# Applying Nyholt Correction to chrX SNPs
__Author:__ Jesse Marks <br>
**Date**: September 13, 3018

This documentation is relevant to [GitHub Issue #98](https://github.com/RTIInternational/bioinformatics/issues/98#issuecomment-421154584). In order to make corrections for multiple testing in the data, one can apply the [Nyholt Correction Method](https://www.ncbi.nlm.nih.gov/pmc/articles/PMC1181954/). The Nyholt Correction Method is a simple correction for multiple testing for SNPs in linkage disequilibrium with each other.
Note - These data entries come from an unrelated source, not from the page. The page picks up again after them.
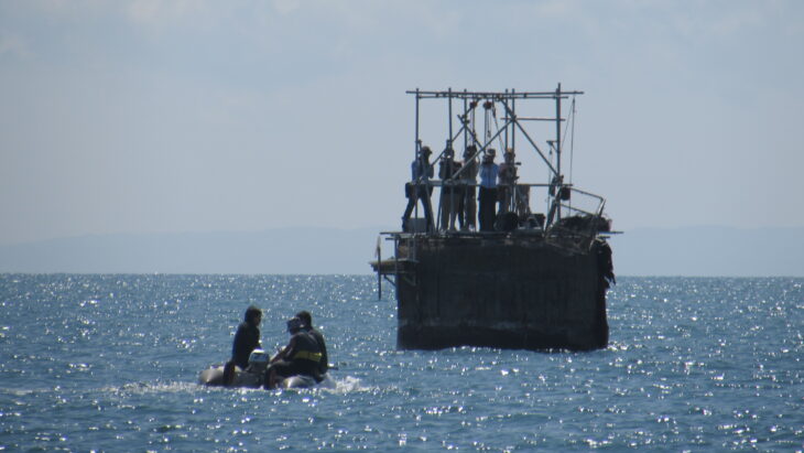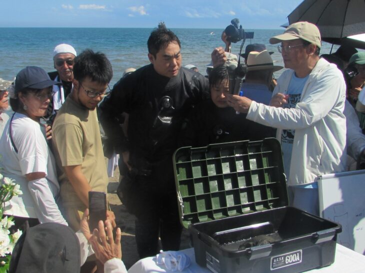 潜水調査を見守った日本人遺族は「祖父は若くして命を落とし悔しかったろう。坑口が見つかってから1年、刻む会や伊左治さんたちの勇気によってこうして遺骨が見つかった」と涙ぐむ。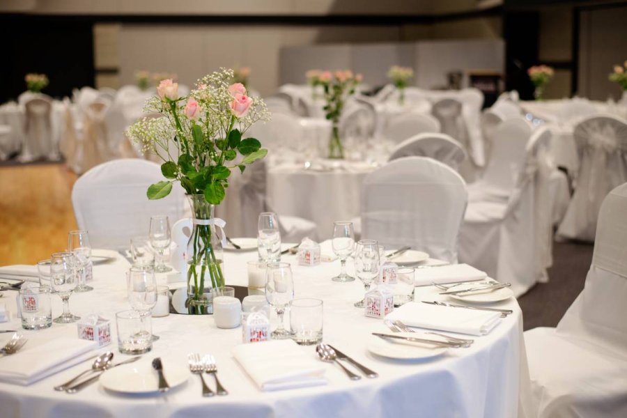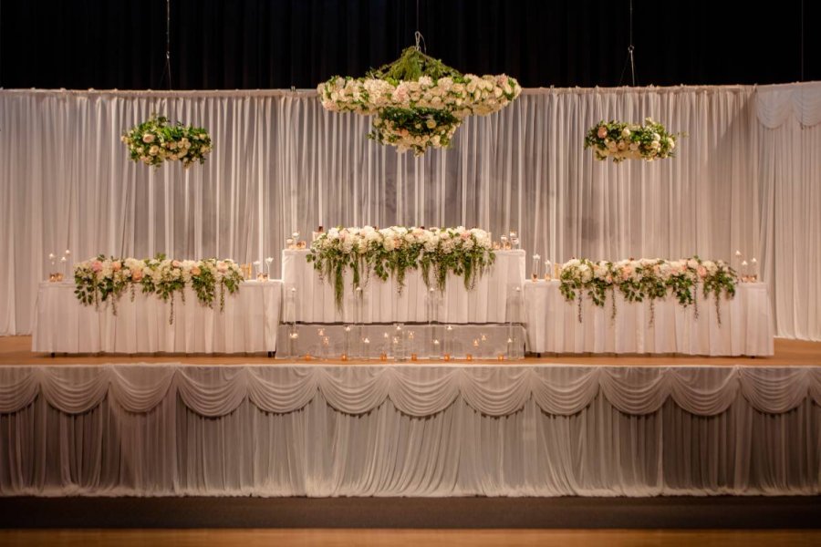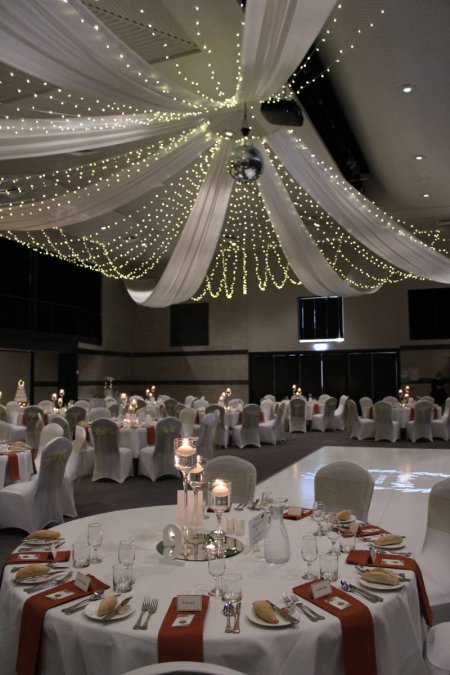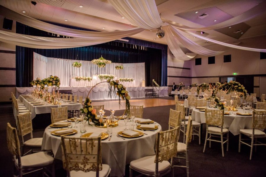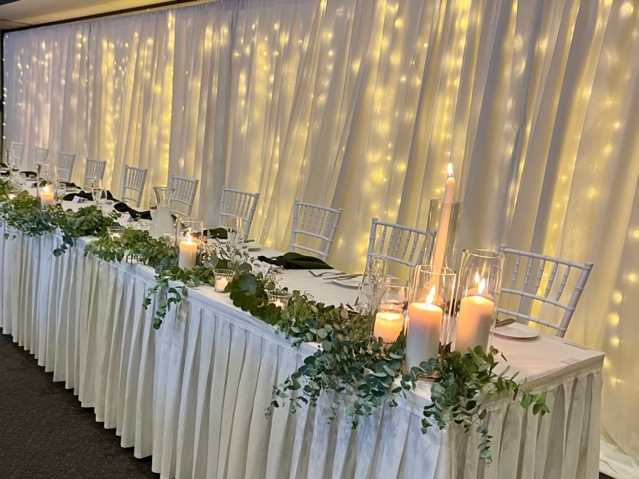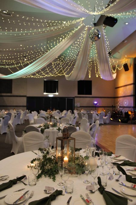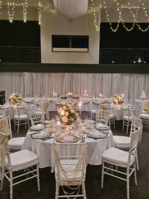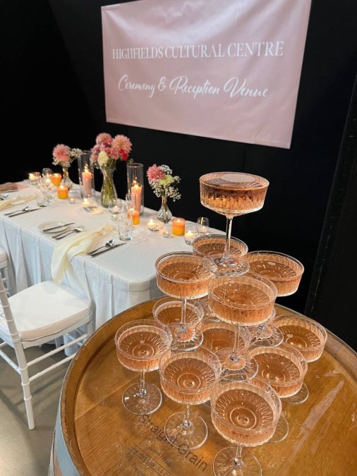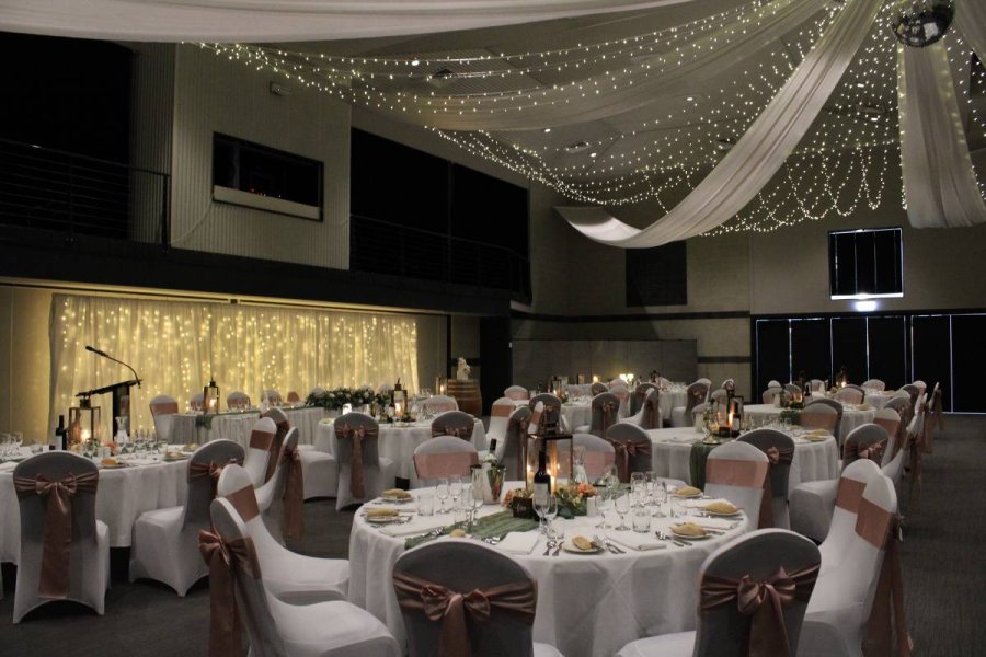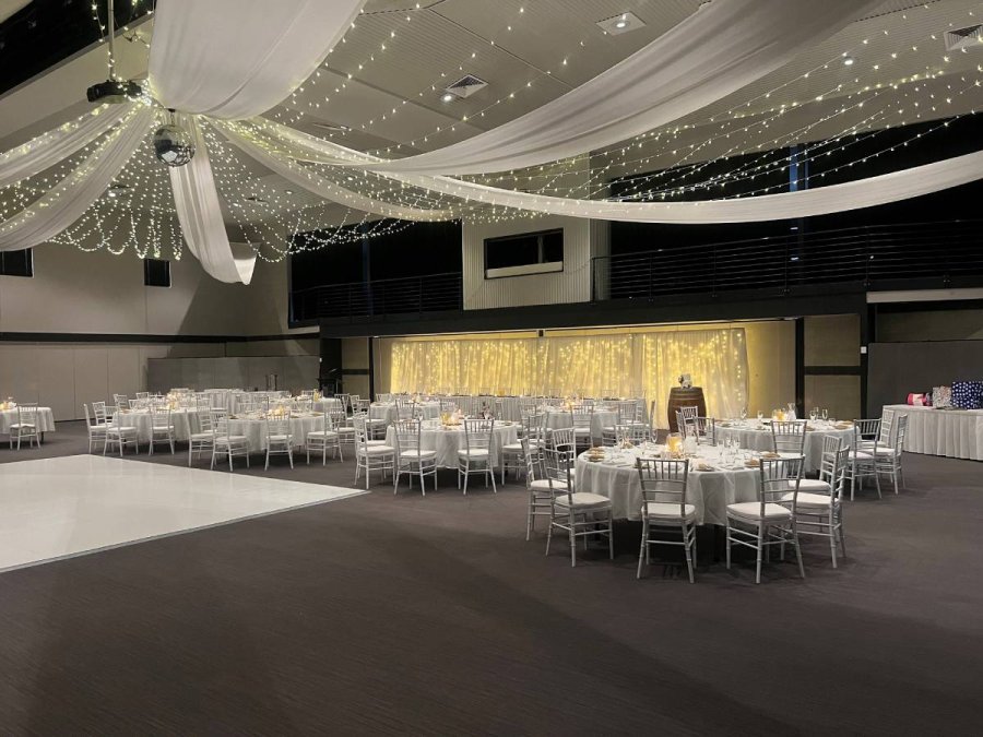 At Highfields Cultural Centre, we take care of all the details. You won't need to lift a finger, tables and chairs are set to your custom seating plan with white linen tablecloths and linen napkins, bridal table and cake table skirting, cutlery and glassware. Our experienced staff can also assist with decorating your wedding with chair covers, sashes, table centrepieces, bridal backdrops and ceiling drapery. We can even tailor our lighting to suit your colour scheme!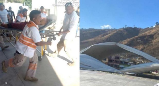 Una gruesa lámina de un domo deportivo, colapsó por los fuertes vientos y lesionó a 10 menores y a un adulto, esta tarde en Motozintla, Chiapas.

We want to run chrX association analyses for HIV acquisition in WIHS1, WIHS2, UHS1+2+3, and VIDUS. There were a list a chrX SNPs from the UKBioBank GWAS results that were significant (listed below). The evidence continues to improve for these chrX SNPs when we combine cohorts during meta-analyses. They're even associated in WIHS2 AAs by themselves at `P<0.05`. The updated meta-analysis across WIHS1 and WIHS2 (all available ancestries, total `N=4025`, best `P=0.007`). Interestingly, much of the signal is driven by AAs, which does have the larger sample size.

I will compute the Nyholt correction in the ALL panel for this list (all on chr. X).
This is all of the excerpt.